In these examples, the following abbreviations have the following meanings:
bd = wide doublet m = multiplet m. p. = Melting point MS = mass spectroscopy [M ^{+ H]} + = parent peak in the MS plus ^{H +}
s = singlet THF = tetrahydrofuran (Example 1)
Synthesis of N- (1-acetylpiperidin-4-yl) -N ′-(adamanto-1-yl) urea Preparation of N-acetylpiperid-4-ylamide A reactor is charged with 1.00 molar equivalents of 4-piperidinecarboxamide, 15.9 molar equivalents of THF and 1.23 molar equivalents of N, N- (diisopropyl) ethylamine were charged under a nitrogen atmosphere. The resulting mixture was cooled to 20 ° C. and 1.10 molar equivalents of acetic anhydride was added at such a rate as to maintain an internal temperature of less than 30 ° C. After the addition was complete, the reaction mixture was stirred while maintaining an internal temperature of 20 ° C. The reaction contents were monitored until the amount of unreacted 4-piperidinecarboxamide was less than 1% compared to the N-acetylpiperid-4-ylamide product (usually about 4-10 hours). The precipitated product was collected by filtration and washed with THF to remove excess (diisopropyl) ethylamine hydrochloride. The solid product was dried to constant weight in a vacuum oven under a nitrogen bleed while maintaining an internal temperature of 50 ° C. or lower to give the product as a white solid in 94% yield.
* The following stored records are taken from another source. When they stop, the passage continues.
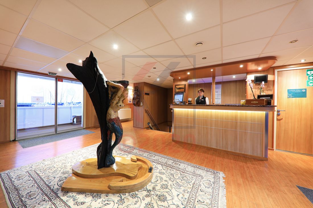 Beim Betreten der Junker Jörg fällt sofort das maritime Ambiente ins Auge. Das Foyer ist sehr großzügig bemessen, die Rezeption zentral gelegen. Auf der Steuerbordseite neben der Eingangstür befindet sich der Counter für die Buchung von Landausflügen. Darüber hinaus gibt es einen kleinen Shop und eine Sitzgelegenheit. Maritime Accessoires sowie eine große Wikinger-Figur in der Mitte des Foyers runden den angenehmen Gesamteindruck ab. An der Rezeption stehen rund um die Uhr freundliche Mitarbeiter mit Rat und Tat zur Seite. Die Begrüßung bei der Einschiffung ist herzlich, die Crew zeigt sich aufmerksam und zuvorkommend. Warme Hölzer sorgen in Kombination mit hellen Grundfarben für ein freundliches Erscheinungsbild. An der Rezeption befindet sich aufgrund der derzeit gültigen, strengen Hygienemaßnahmen eine Scheibe aus Plexiglas.
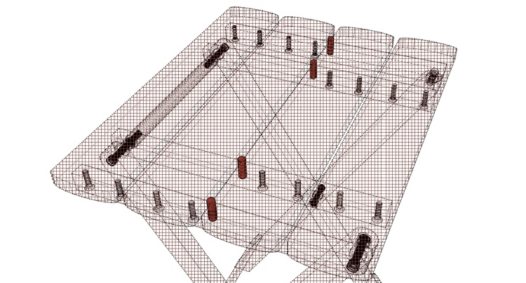 I started by assembling pairs of legs. As with all the joints, they have a #10 socket-head bolt, a plastic washer and a hex locknut. Following that, the legs were attached to the overlapped top assemblies.
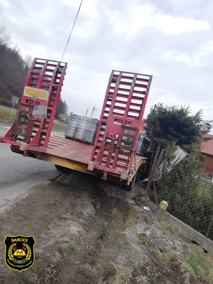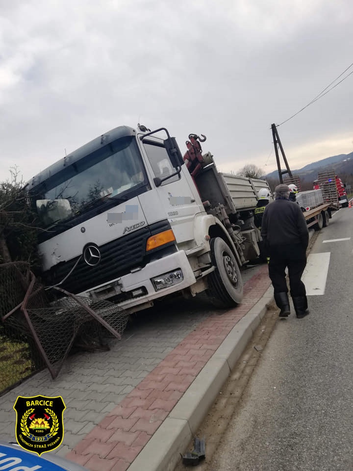 –Po przyjeździe na miejsce zdarzenia ustalono, że samochód ciężarowy marki Mercedes-Benz zjechał z drogi uderzając w ogrodzenie posesji. W wyniku zdarzenia kierowca nie doznał żadnych obrażeń. Działania strażaków polegały na zabezpieczeniu miejsca zdarzenia, kierowaniu ruchem drogowym oraz sprawdzeniu samochodu pod kątem wycieków. Na czas prowadzonych działań wstrzymano ruch na jednym pasie drogi.Poinstruowano kierowcę o konieczności rozładunku towaru oraz wyciągnięciu pojazdu z pobocza. Na miejscu pozostał zastęp OSP Barcice w celu zabezpieczenia miejsca zdarzenia na czas prac rozładunkowych -relacjonują strażacy z PSP Nowy Sącz.

¹ H NMR (CD ₃ OD) δ: 4.48-4.58 (bd, 1H), 3.92-4.01 (bd, 1H), 3.08-3.22 (m, 1H), 2 62-2.74 (m, 1H), 2.44-2.53 (m, 1H), 2.12 (s, 3H), 1.88-1.93 (m, 2H), 1.45 -1.72 (m, 2H); MS: 171 [M + H] ⁺ ; p. 172-174 ° C.

Preparation of N- (1-acetylpiperidin-4-yl) -N ′-(adamanto-1-yl) urea A reactor is charged with 1.00 molar equivalent of N-acetylpiperid-4-ylamide, 0.87 molar equivalent of 1-adamantylamine and 49.7 molar equivalents of acetonitrile were charged and the resulting mixture was heated internally at 75 ° C. under a nitrogen atmosphere. (Diacetoxyiodo) benzene (1.00 molar equivalent) was added in small portions so that the reaction mixture was maintained inside 75-80 ° C. After adding (diacetoxyiodo) benzene, the reaction mixture was heated to 80 ° C. inside. The reaction contents were monitored until the unreacted 1-adamantylamine was less than 5% compared to the product N- (1-acetylpiperidin-4-yl) -N ′-(adamanto-1-yl) urea ( Usually about 1 to 6 hours). After completion, the reaction mixture was cooled to 25 ° C. and about 24 molar equivalents of solvent was distilled off in vacuo while maintaining the internal temperature below 40 ° C. The reaction mixture was cooled to 0-5 ° C. with stirring and further stirred for 2 hours. The technical product was collected by filtration and washed with acetonitrile. The crude product was dried to constant weight in a vacuum oven under nitrogen flow while maintaining an internal temperature below 50 ° C. The dried crude product was slurried with water for 4 hours while maintaining an internal temperature of 20 ± 5 ° C. and then collected by filtration. The filter cake was washed with heptane under a nitrogen atmosphere and then dried to constant weight in a vacuum oven under nitrogen flow while maintaining an internal temperature of 70 ° C. or less and white in 72% yield based on 1-adamantylamine The product was obtained as a solid.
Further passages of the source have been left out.